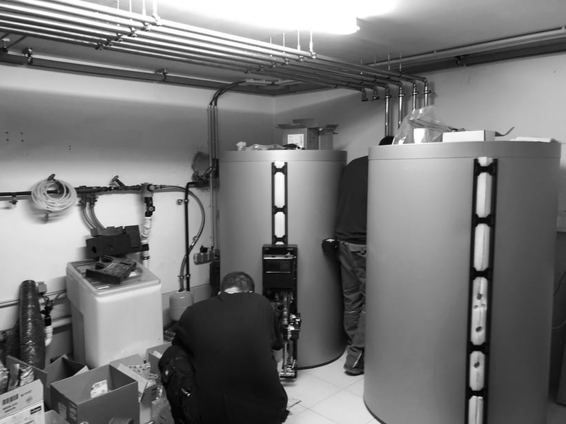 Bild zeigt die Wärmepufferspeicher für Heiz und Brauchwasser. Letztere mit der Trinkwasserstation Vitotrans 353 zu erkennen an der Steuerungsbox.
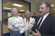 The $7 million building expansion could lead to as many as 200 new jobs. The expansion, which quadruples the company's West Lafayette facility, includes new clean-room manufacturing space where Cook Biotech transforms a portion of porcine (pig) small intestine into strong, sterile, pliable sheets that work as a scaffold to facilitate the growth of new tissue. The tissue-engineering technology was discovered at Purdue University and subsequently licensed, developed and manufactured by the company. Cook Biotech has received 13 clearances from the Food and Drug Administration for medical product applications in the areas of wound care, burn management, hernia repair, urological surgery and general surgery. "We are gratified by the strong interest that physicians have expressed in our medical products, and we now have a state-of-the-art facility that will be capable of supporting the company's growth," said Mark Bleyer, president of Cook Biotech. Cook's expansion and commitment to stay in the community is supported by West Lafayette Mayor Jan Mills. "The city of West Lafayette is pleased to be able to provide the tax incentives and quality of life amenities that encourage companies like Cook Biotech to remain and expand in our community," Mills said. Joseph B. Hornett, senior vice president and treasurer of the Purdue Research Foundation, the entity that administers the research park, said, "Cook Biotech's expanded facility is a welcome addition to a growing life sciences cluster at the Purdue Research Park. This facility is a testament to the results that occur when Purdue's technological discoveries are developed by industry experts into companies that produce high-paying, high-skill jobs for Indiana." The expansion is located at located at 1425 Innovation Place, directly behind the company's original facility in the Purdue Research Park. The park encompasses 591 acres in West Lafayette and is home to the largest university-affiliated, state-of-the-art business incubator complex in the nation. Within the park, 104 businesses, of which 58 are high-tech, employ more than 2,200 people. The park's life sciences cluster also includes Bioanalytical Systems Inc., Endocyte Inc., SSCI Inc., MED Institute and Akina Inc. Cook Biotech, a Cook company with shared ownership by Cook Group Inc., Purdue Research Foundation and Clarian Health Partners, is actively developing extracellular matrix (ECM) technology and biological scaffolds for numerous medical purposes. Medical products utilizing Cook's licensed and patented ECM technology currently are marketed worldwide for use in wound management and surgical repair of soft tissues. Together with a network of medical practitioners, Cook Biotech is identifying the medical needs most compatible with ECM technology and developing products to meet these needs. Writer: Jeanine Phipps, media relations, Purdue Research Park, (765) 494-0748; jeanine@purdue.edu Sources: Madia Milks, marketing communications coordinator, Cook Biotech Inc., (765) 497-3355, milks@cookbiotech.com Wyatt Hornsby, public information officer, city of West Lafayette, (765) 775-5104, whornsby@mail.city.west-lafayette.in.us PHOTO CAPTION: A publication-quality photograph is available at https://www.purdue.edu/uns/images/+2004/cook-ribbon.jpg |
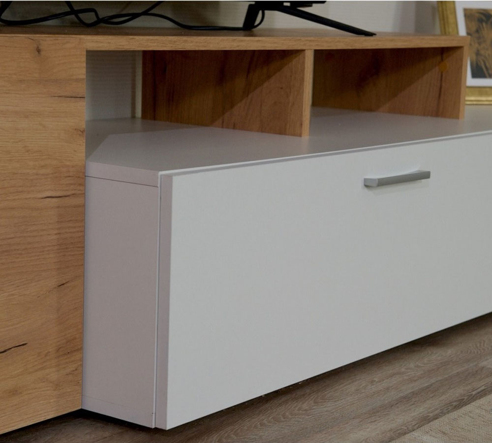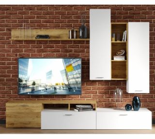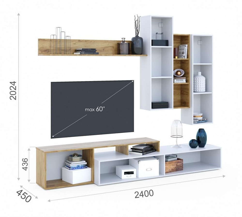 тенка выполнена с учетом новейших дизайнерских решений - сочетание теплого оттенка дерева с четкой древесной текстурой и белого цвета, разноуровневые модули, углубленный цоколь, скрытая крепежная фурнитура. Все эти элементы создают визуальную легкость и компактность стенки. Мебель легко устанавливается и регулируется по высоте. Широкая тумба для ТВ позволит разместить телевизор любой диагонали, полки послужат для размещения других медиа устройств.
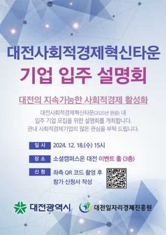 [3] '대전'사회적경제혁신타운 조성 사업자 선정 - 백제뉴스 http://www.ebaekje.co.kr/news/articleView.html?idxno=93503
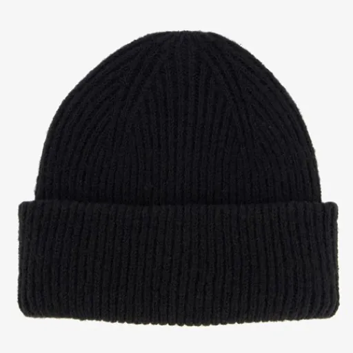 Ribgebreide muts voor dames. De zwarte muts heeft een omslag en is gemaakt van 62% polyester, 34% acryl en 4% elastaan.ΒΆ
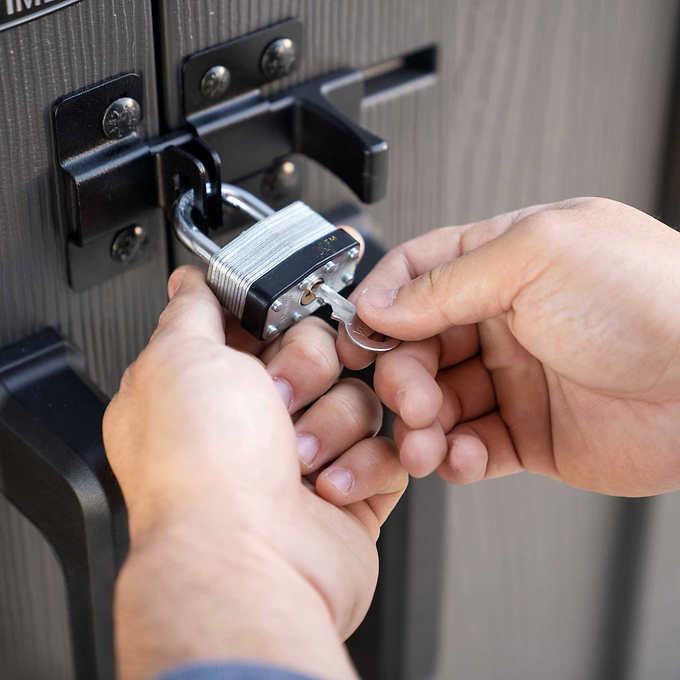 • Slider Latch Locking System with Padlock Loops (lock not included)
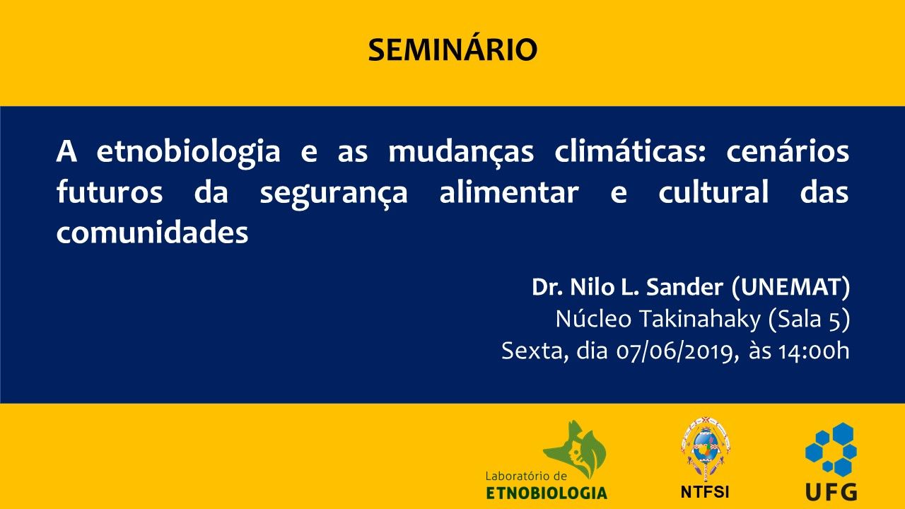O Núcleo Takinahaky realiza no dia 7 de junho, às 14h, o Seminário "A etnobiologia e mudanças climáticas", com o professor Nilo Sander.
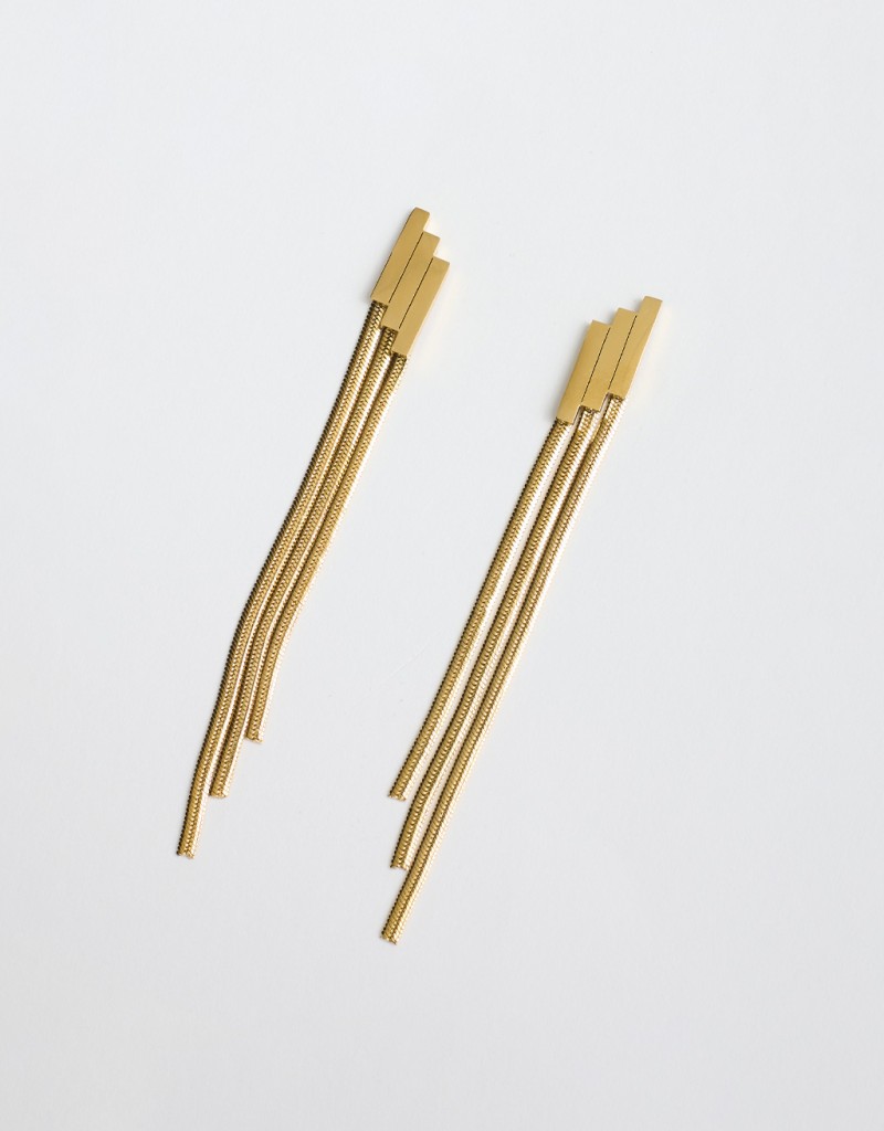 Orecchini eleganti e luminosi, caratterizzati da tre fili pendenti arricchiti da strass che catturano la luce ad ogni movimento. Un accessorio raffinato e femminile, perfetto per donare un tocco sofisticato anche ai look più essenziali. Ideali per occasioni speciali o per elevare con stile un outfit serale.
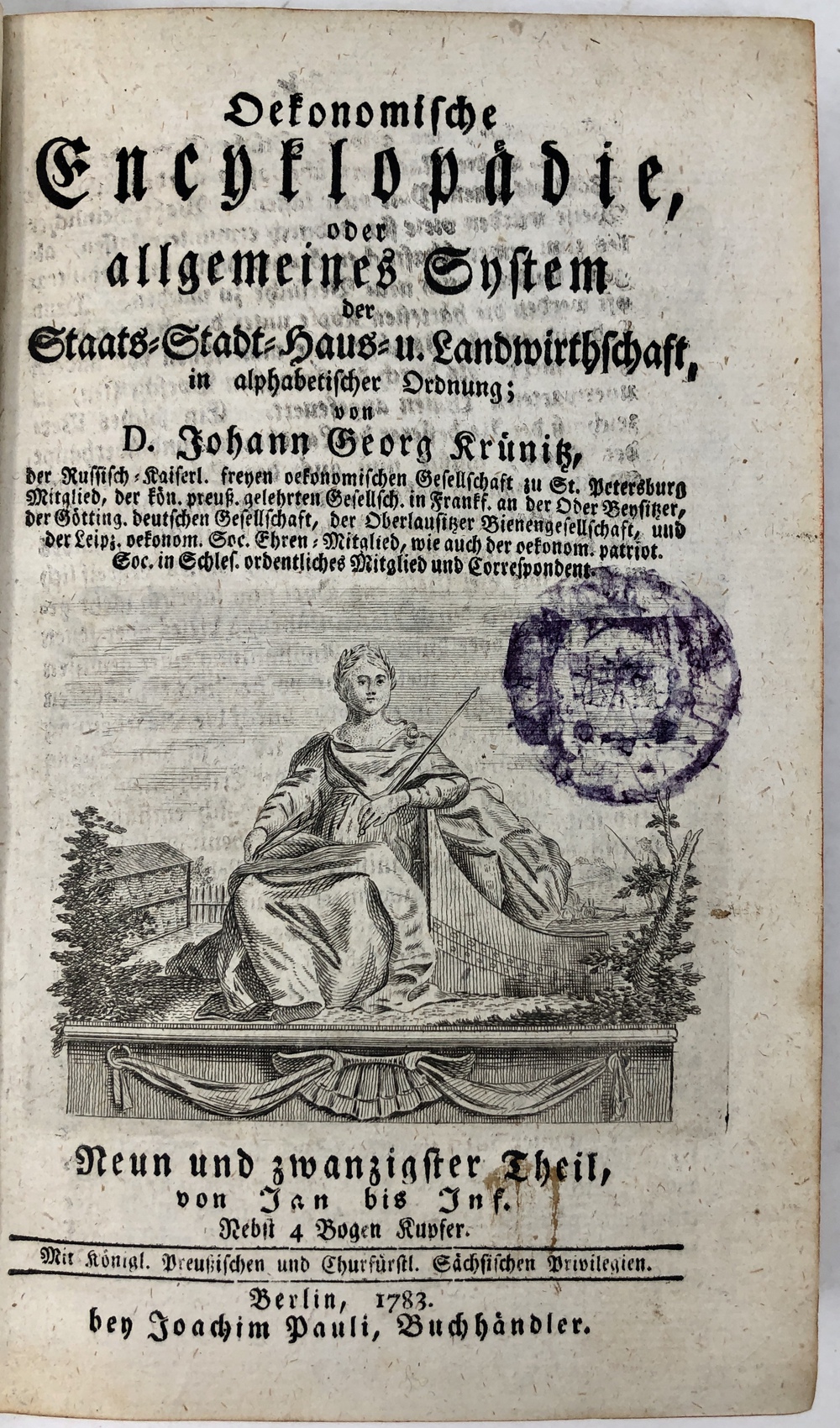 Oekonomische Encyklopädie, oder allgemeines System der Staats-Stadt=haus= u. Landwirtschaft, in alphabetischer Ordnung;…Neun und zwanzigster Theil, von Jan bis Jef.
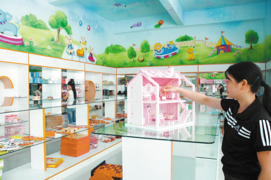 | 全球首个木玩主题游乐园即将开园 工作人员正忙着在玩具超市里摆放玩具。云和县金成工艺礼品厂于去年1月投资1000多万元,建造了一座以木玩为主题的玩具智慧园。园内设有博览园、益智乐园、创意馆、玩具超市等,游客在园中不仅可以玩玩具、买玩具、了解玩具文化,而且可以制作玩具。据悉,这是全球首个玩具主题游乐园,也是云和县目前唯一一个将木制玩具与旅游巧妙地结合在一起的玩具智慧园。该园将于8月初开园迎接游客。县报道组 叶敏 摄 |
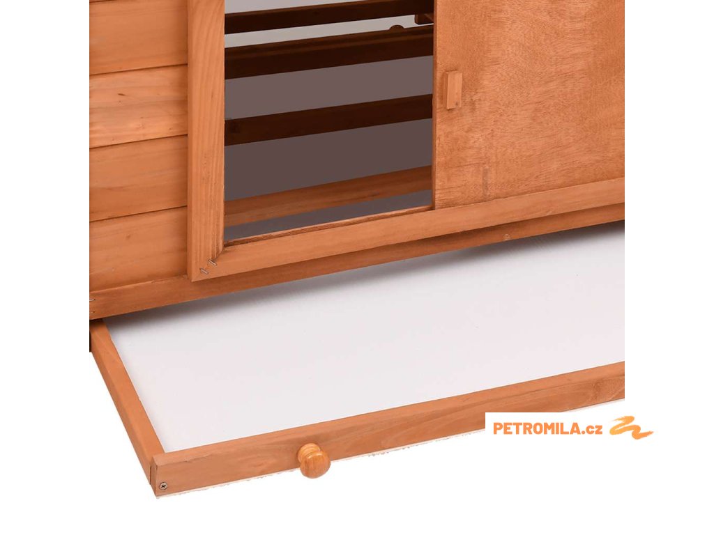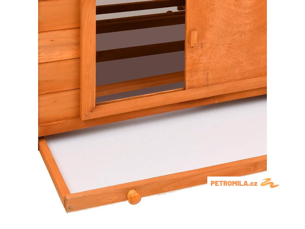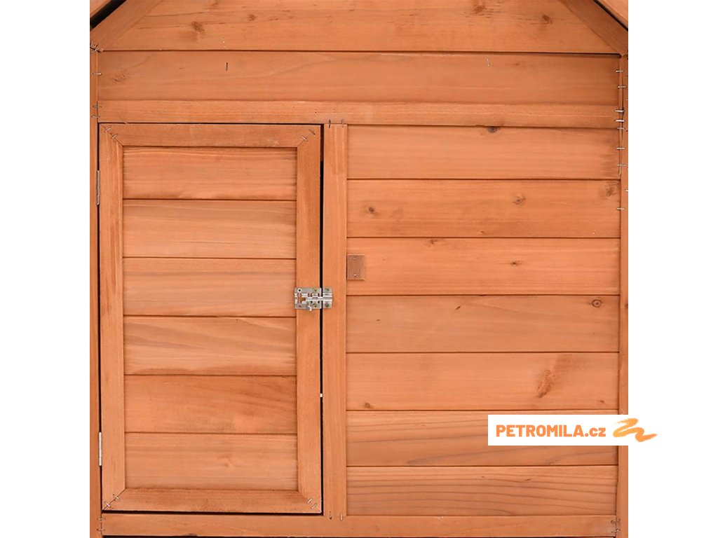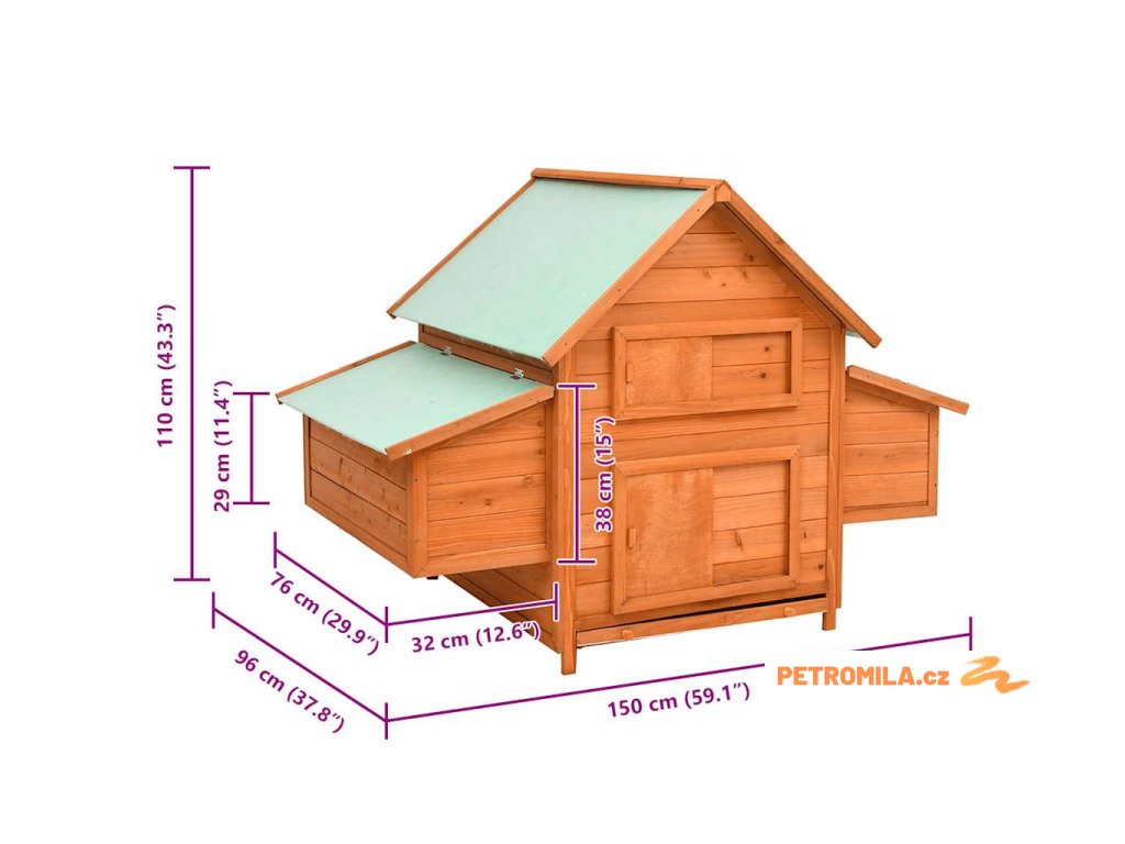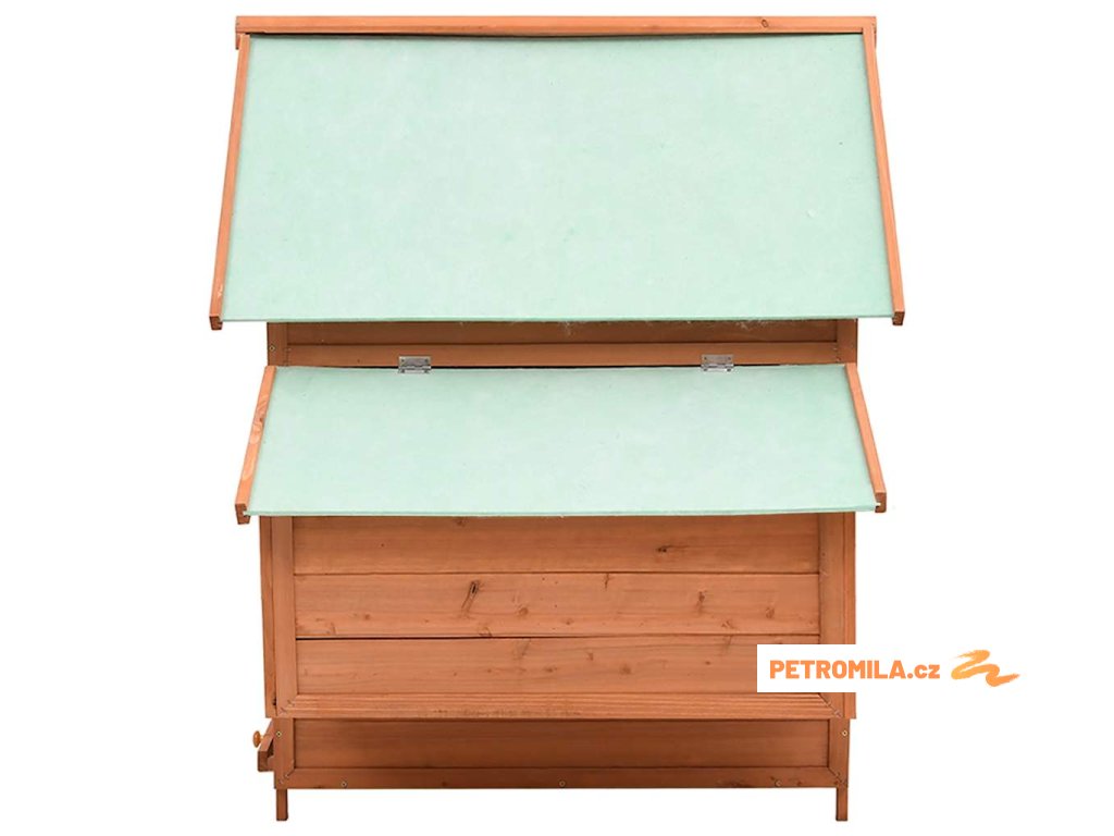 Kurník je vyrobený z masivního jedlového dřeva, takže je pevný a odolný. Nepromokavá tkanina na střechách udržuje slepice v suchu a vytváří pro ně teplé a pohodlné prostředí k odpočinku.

****************************************

#### [WHAT YOU HAVE TO DO]
Could you return all of the entries above exactly, without any images?

#### [ANSWER AREA]
 Bild zeigt die Wärmepufferspeicher für Heiz und Brauchwasser. Letztere mit der Trinkwasserstation Vitotrans 353 zu erkennen an der Steuerungsbox.
 The $7 million building expansion could lead to as many as 200 new jobs. The expansion, which quadruples the company's West Lafayette facility, includes new clean-room manufacturing space where Cook Biotech transforms a portion of porcine (pig) small intestine into strong, sterile, pliable sheets that work as a scaffold to facilitate the growth of new tissue. The tissue-engineering technology was discovered at Purdue University and subsequently licensed, developed and manufactured by the company. Cook Biotech has received 13 clearances from the Food and Drug Administration for medical product applications in the areas of wound care, burn management, hernia repair, urological surgery and general surgery. "We are gratified by the strong interest that physicians have expressed in our medical products, and we now have a state-of-the-art facility that will be capable of supporting the company's growth," said Mark Bleyer, president of Cook Biotech. Cook's expansion and commitment to stay in the community is supported by West Lafayette Mayor Jan Mills. "The city of West Lafayette is pleased to be able to provide the tax incentives and quality of life amenities that encourage companies like Cook Biotech to remain and expand in our community," Mills said. Joseph B. Hornett, senior vice president and treasurer of the Purdue Research Foundation, the entity that administers the research park, said, "Cook Biotech's expanded facility is a welcome addition to a growing life sciences cluster at the Purdue Research Park. This facility is a testament to the results that occur when Purdue's technological discoveries are developed by industry experts into companies that produce high-paying, high-skill jobs for Indiana." The expansion is located at located at 1425 Innovation Place, directly behind the company's original facility in the Purdue Research Park. The park encompasses 591 acres in West Lafayette and is home to the largest university-affiliated, state-of-the-art business incubator complex in the nation. Within the park, 104 businesses, of which 58 are high-tech, employ more than 2,200 people. The park's life sciences cluster also includes Bioanalytical Systems Inc., Endocyte Inc., SSCI Inc., MED Institute and Akina Inc. Cook Biotech, a Cook company with shared ownership by Cook Group Inc., Purdue Research Foundation and Clarian Health Partners, is actively developing extracellular matrix (ECM) technology and biological scaffolds for numerous medical purposes. Medical products utilizing Cook's licensed and patented ECM technology currently are marketed worldwide for use in wound management and surgical repair of soft tissues. Together with a network of medical practitioners, Cook Biotech is identifying the medical needs most compatible with ECM technology and developing products to meet these needs. Writer: Jeanine Phipps, media relations, Purdue Research Park, (765) 494-0748; jeanine@purdue.edu Sources: Madia Milks, marketing communications coordinator, Cook Biotech Inc., (765) 497-3355, milks@cookbiotech.com Wyatt Hornsby, public information officer, city of West Lafayette, (765) 775-5104, whornsby@mail.city.west-lafayette.in.us PHOTO CAPTION: A publication-quality photograph is available at https://www.purdue.edu/uns/images/+2004/cook-ribbon.jpg |
 тенка выполнена с учетом новейших дизайнерских решений - сочетание теплого оттенка дерева с четкой древесной текстурой и белого цвета, разноуровневые модули, углубленный цоколь, скрытая крепежная фурнитура. Все эти элементы создают визуальную легкость и компактность стенки. Мебель легко устанавливается и регулируется по высоте. Широкая тумба для ТВ позволит разместить телевизор любой диагонали, полки послужат для размещения других медиа устройств.
 [3] '대전'사회적경제혁신타운 조성 사업자 선정 - 백제뉴스 http://www.ebaekje.co.kr/news/articleView.html?idxno=93503
 Ribgebreide muts voor dames. De zwarte muts heeft een omslag en is gemaakt van 62% polyester, 34% acryl en 4% elastaan.ΒΆ
 • Slider Latch Locking System with Padlock Loops (lock not included)
O Núcleo Takinahaky realiza no dia 7 de junho, às 14h, o Seminário "A etnobiologia e mudanças climáticas", com o professor Nilo Sander.
 Orecchini eleganti e luminosi, caratterizzati da tre fili pendenti arricchiti da strass che catturano la luce ad ogni movimento. Un accessorio raffinato e femminile, perfetto per donare un tocco sofisticato anche ai look più essenziali. Ideali per occasioni speciali o per elevare con stile un outfit serale.
 Oekonomische Encyklopädie, oder allgemeines System der Staats-Stadt=haus= u. Landwirtschaft, in alphabetischer Ordnung;…Neun und zwanzigster Theil, von Jan bis Jef.
 | 全球首个木玩主题游乐园即将开园 工作人员正忙着在玩具超市里摆放玩具。云和县金成工艺礼品厂于去年1月投资1000多万元,建造了一座以木玩为主题的玩具智慧园。园内设有博览园、益智乐园、创意馆、玩具超市等,游客在园中不仅可以玩玩具、买玩具、了解玩具文化,而且可以制作玩具。据悉,这是全球首个玩具主题游乐园,也是云和县目前唯一一个将木制玩具与旅游巧妙地结合在一起的玩具智慧园。该园将于8月初开园迎接游客。县报道组 叶敏 摄 |
 Kurník je vyrobený z masivního jedlového dřeva, takže je pevný a odolný. Nepromokavá tkanina na střechách udržuje slepice v suchu a vytváří pro ně teplé a pohodlné prostředí k odpočinku.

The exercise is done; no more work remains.